Beginning in April 2006, trucks carried 20,000 fish from a catfish farm in Mississippi to New Orleans, where volunteers relocated them to abandoned pools, in bags of 50 fish at a time. The pools were treated with a larvae killer to suppress the local mosquito population until the fish could establish themselves.

Little bug, big impact

In Louisiana, mosquitoes are not just a health risk; their presence has an economic impact.

In the 1920s to 1930s, when mosquito abatement started in Louisiana, protecting residents from mosquitoes was as much an issue of health and wellness as a matter of economy, according to Herff Jones, executive director for Iberia Parish Mosquito Abatement.

“There were big things, big industry, that was moving into the state at that time,” Jones said. “Larger industries, such as NASA, wanted to come to Louisiana to implant their structures here and to do their work here. It was literally uninhabitable in some parts of the state where they wanted to be because of the mosquitoes.

“That is really where organized mosquito control started in Louisiana: from a movement to not only address public health but also to address the economic and the leisure impact of mosquitoes in this state,” Jones said. Louisiana’s natural environment “can propagate trillions of mosquitoes on a daily basis. Not only the nuisance impact, the economic impact, the leisure impact, and also the health risk. For us, our exposure is tremendous.”

Of the 64 parishes in Louisiana, 16 have established integrated mosquito management programs. The remainder of those 64 parishes have some degree of mosquito control, Jones said.

Beyond fish food

In addition to the financial and technical aspects of mosquito mitigation, each parish has their own culture around its use of pesticides. In Calcasieu and Cameron parishes, the abatement teams spray as much as they can within the legal limits, the directors said, because that’s what residents want.

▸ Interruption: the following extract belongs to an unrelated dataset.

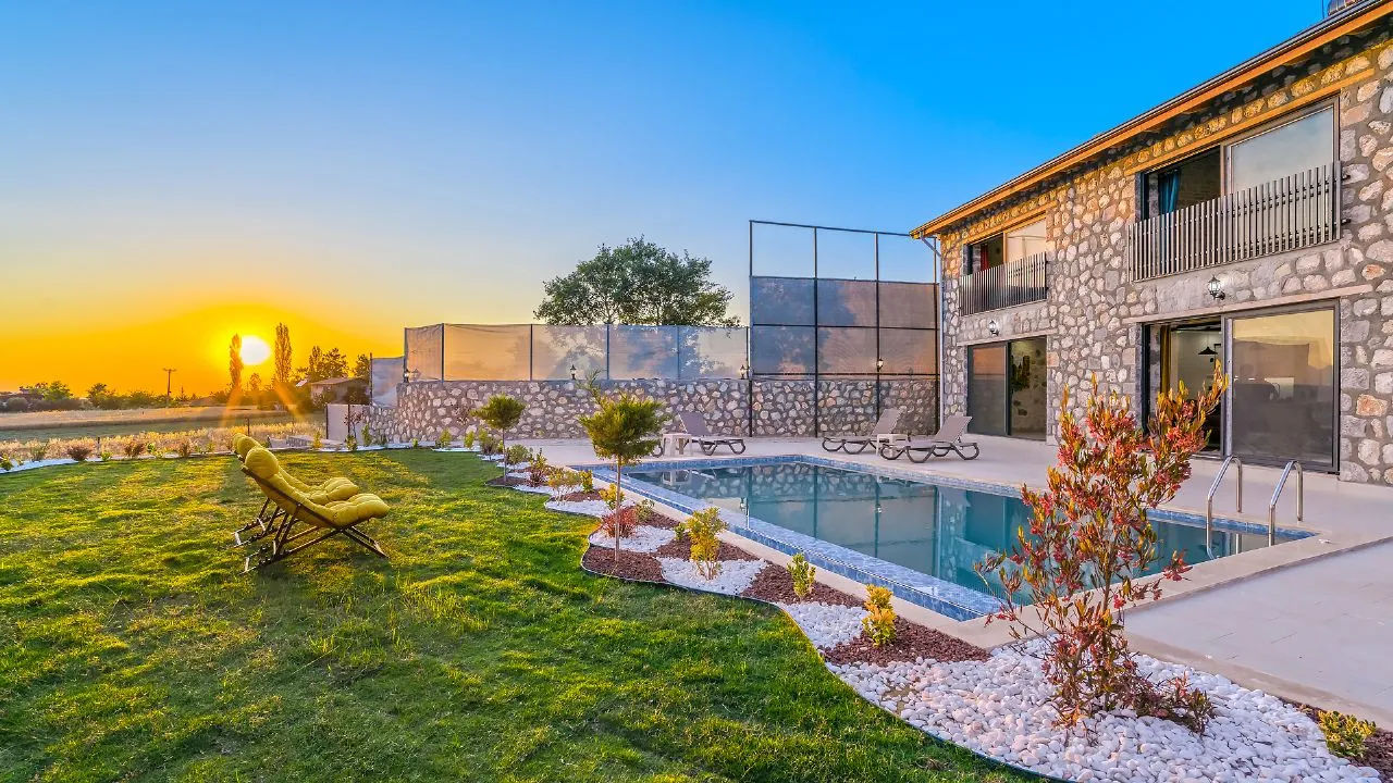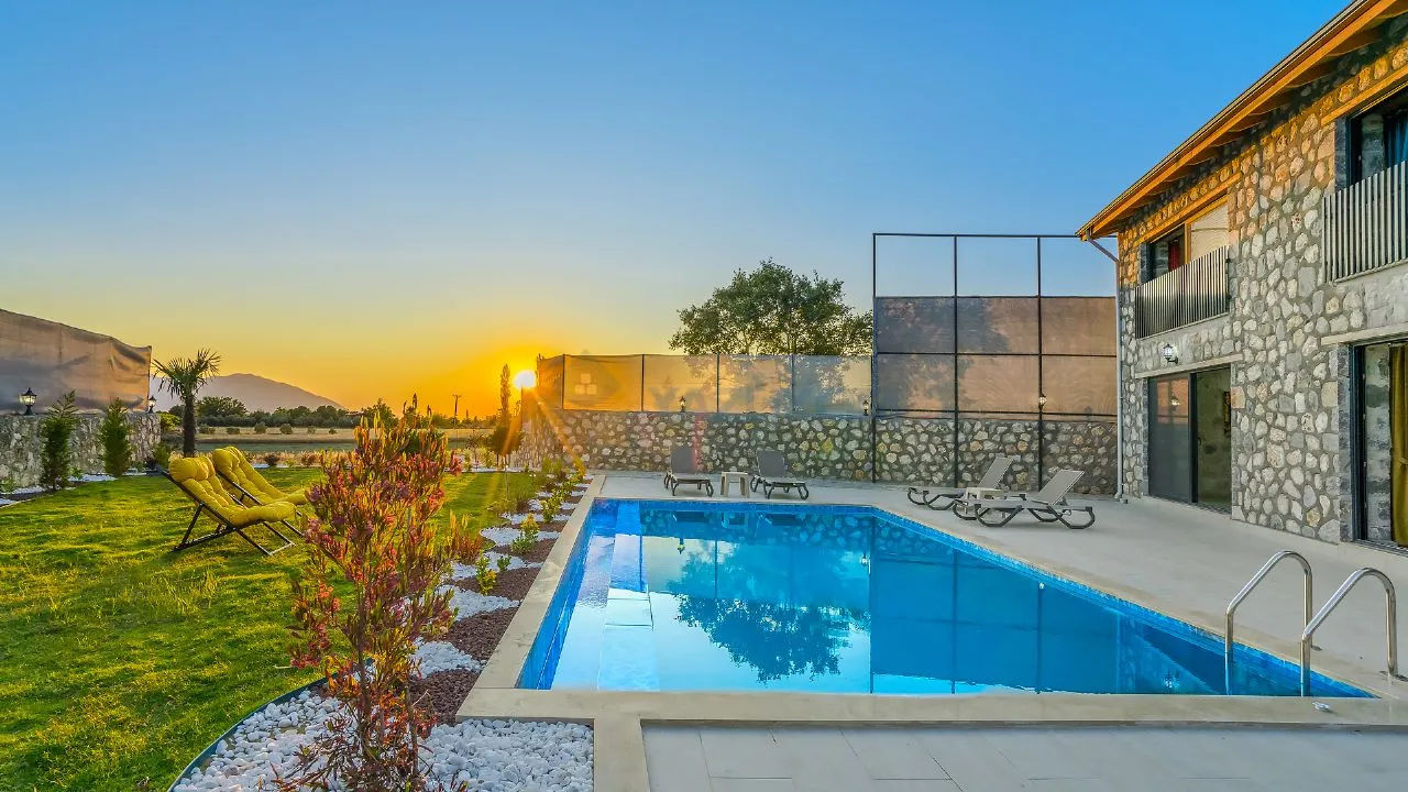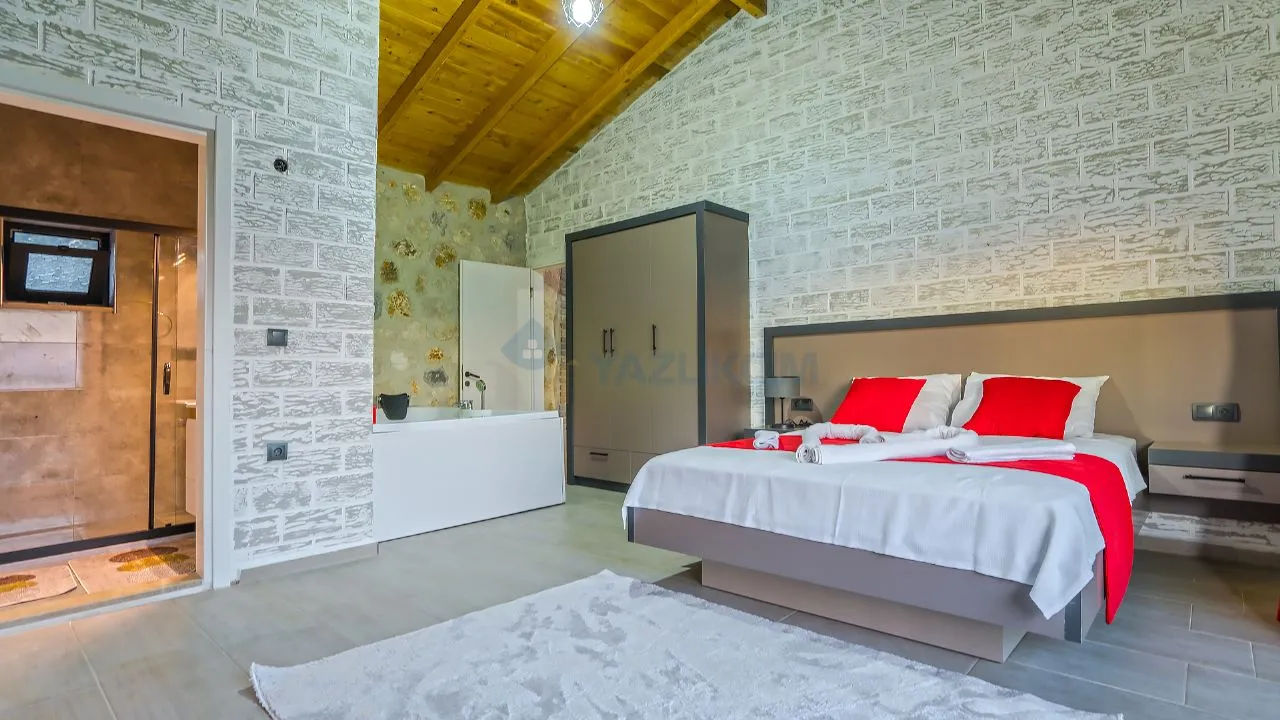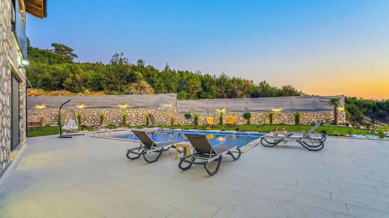 Our villa is located in Yaka Village, which is famous for its natural beauties in Fethiye. It is located 30 45 minutes by car from many touristic and natural beauties such as Saklıkent Canyon, Gizlikent waterfall, Patara Beach. Since there is no other house or structure around, it is in a quiet location and is 100% sheltered.It is a 10-minute walk from Yaka Park and a 15-minute walk from Tlos Ancient City.Our villa is located in Yaka Village, in the heart of Akdağlar, covered with natural pine and juniper trees, where you can wake up to the sounds of birds.It is a detached building of 120 m2 on a land of 1050 m2 and is completely made of natural stone.It has a road and electricity and water subscriptions.It is a new building and the furniture is of high quality.There is a 50 square meter hobby garden, a 500 square meter green grass playground, a barbecue area. Its pool is 8*4 in size.Our spacious villa is very suitable for families.Tlos Ancient City 960 mTlos Amphitheatre 760 mYaka Park 740 mProperty FeaturesParkingGuest RoomNear the Historical PeninsulaInterior FeaturesAir ConditioningOpen KitchenLog FireShower CabinParent's BathroomBalconyJacuzziExterior FeaturesDigital Satellite SystemLocation AmenitiesClose to Historical PeninsulaParkingGuest RoomNear the Historical PeninsulaAir ConditioningOpen KitchenLog FireShower CabinParent's BathroomBalconyJacuzziDigital Satellite SystemClose to Historical Peninsula

“It's kind of funny in Louisiana,” said Jill Hightower, the pest lab supervisor for the Calcasieu Parish Mosquito Control. “In other parts of the country, they only spray if there's disease, if they have a West Nile case or something. We could never get away with that. Our public, they want to see the truck.”

truck with logo on door
Spray trucks are often the most requested treatment for mosquitoes in Calcasieu Parish, according to mosquito control workers. Image by Daphne Mark. United States, 2021.

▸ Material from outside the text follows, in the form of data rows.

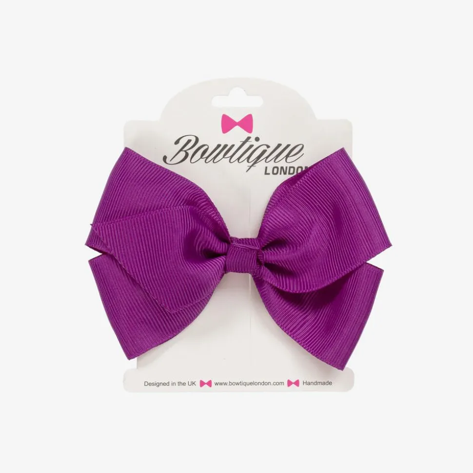 A purple hair clip for girls by Bowtique London, lovely to accessorise an outfit. The bow is handmade in delicate grosgrain ribbon and set on a slide-in metal clip.
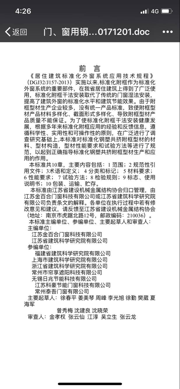 附框標(biāo)準(zhǔn)、副框參編、鋼塑共擠附框、簾享遮陽(yáng)、日兆節(jié)能,常州市簾享遮陽(yáng)科技有限公司、無(wú)錫日兆節(jié)能科技有限公司共同參與了江蘇省鋼塑共擠門(mén)窗附框(副框)標(biāo)準(zhǔn)的標(biāo)志過(guò)程,希望附框的運(yùn)用能給標(biāo)準(zhǔn)化門(mén)窗的大力實(shí)施增磚添瓦!
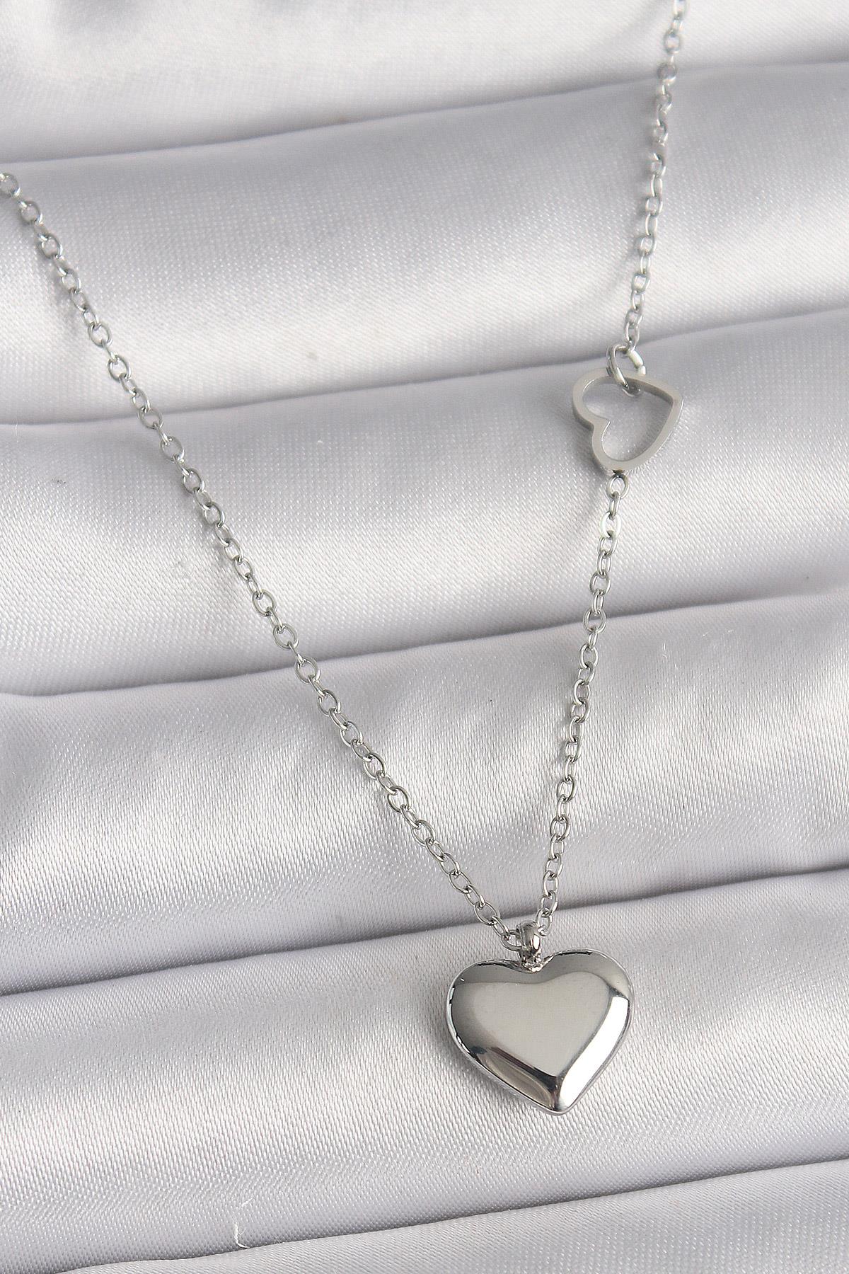 316L Çelik Gümüş Renk Zincir Kalp Detay Kalp Figür Kadın Kolye
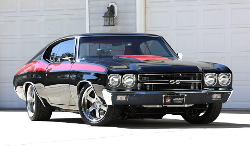 This 1970 Chevrolet Chevelle Malibu sport coupe was built by Route 66 Motorsports, the car is powered by a supercharged 6.2-liter LSA V8 paired with a TCI Automotive six-speed automatic transmission and is finished in black with red side stripes accented by a gray stars-and-stripes theme. Features include an Eaton supercharger, an AutoRad aluminum radiator, a Strange Engineering 9″ rear end, a limited-slip differential, an X-pipe dual exhaust system, Detroit Speed coilovers and Swivel-Link rear control arms, Baer four-wheel power disc brakes, and custom Boze Alloys 18″ wheels along with a Painless Performance wiring harness, a Sony Xplod audio system, an Old Air Products air-conditioning system, power windows, and Classic Instruments gauges.
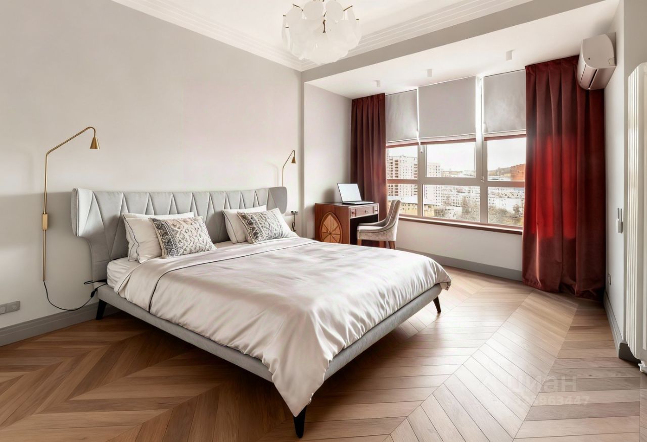 О КВАРТИРЕ Великолепные виды на гостиницу Украина, МИД, Москва-Сити, Красногвардейские пруды Планировка включает кухню-гостиную 34 квм, 3 спальни 13,17 и 19 квм, гардеробную, постирочную, 2 санузла и кладовую В гостиной выделены столовая, лаунж-зона и зона для семейного общения Элегантная отделка в классическом стиле В отделке использовано дерево, натуральный камень и индийский гранит. На полу паркет ''французская елочка''
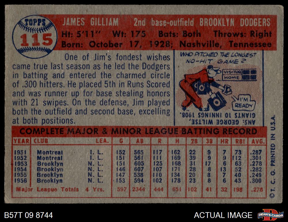 1957 Topps #115 Jim Gilliam
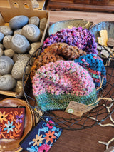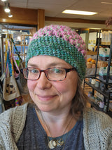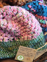 Handmade (by myself!) wool hats, colors vary. Each hat is one of a kind. I crocheted them from the hand-dyed (in Beloit!) yarn that we carry here in the store.
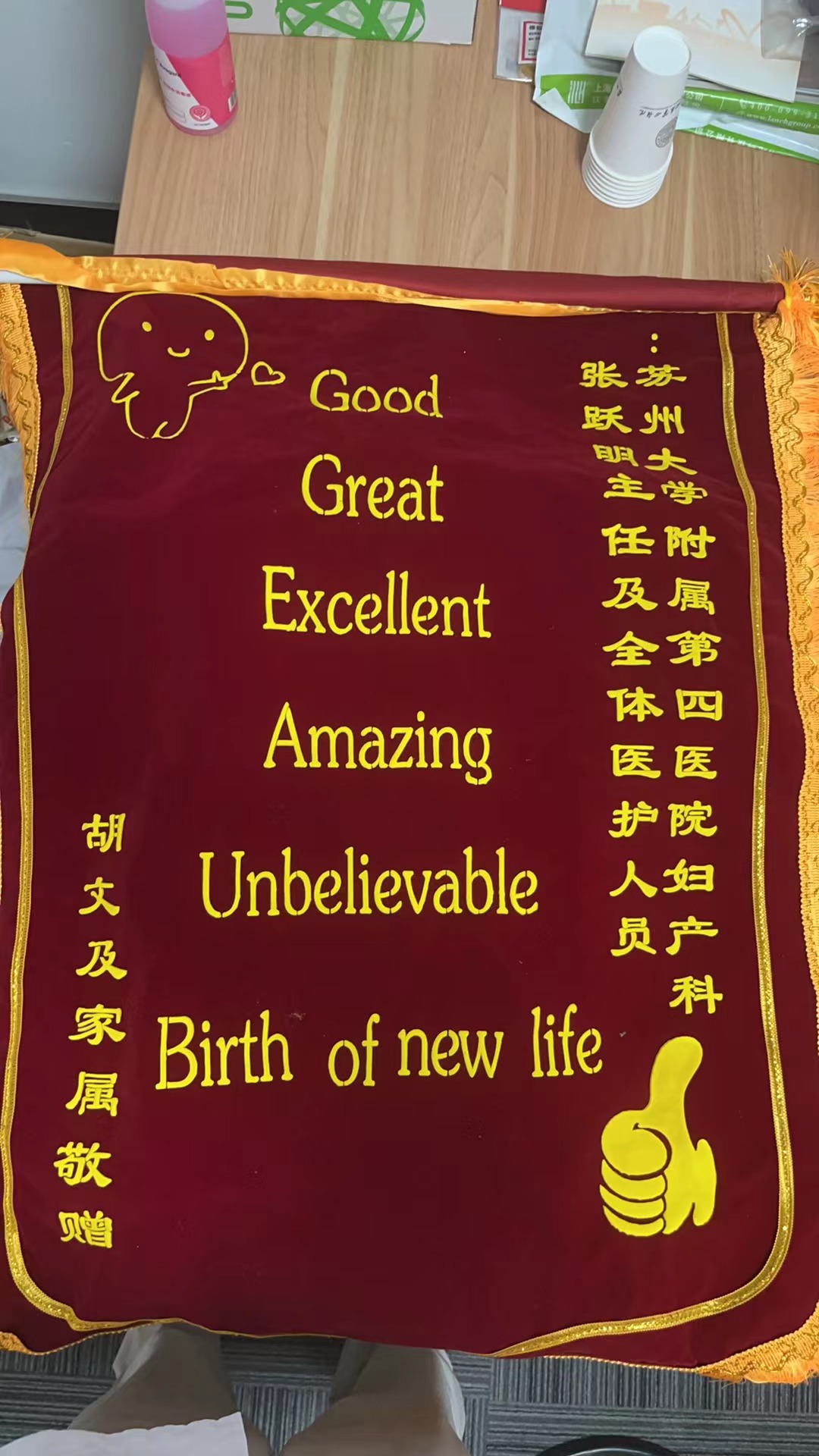 患者胡女士及家属赠送锦旗感谢我院妇产科张跃明主任及全体医护人员

“You know, folks down here, they think of it as like trash pickup,” said Herff Jones of Iberia Parish. “‘Aren’t you supposed to be here on Tuesdays every week?’ No, no, we're only gonna spray when there's a need to spray.

“Our spray is designed to address a one-gram organism, not a 300-pound guy,” Jones said. Referring to the size of the dosage, he said, “It’s maybe [the size of] a grain of salt on your shoulder. It's a contact pesticide used to address mosquitoes—not humans, not fluffy and it does not screw with scribbledy-scrabbledy,” Jones, with a twinkle in his eye, moves his hands like a squirrel digging in the dirt. “So your cats are good, your dogs are good. And you're good.”

Though the spray adulticides and larvicides are not as dangerous as they once were in the days of DDT, which was banned by the Environmental Protection Agency in 1972, Jones said, the spray is expensive and needs to be reapplied regularly.

In addition to the minnows, other natural predators are being pursued by other parishes. For example, cannibalistic species of mosquitoes, Toxorhynchites, will eat other mosquito larvae rather than taking a blood meal from humans. Another natural abatement tool: copepods, a crustacean, only one millimeter in length, can eat mosquito larvae, even in crevices that dry up periodically. Orleans Parish has been running a multi-year copepod study, expected to be released in the next year.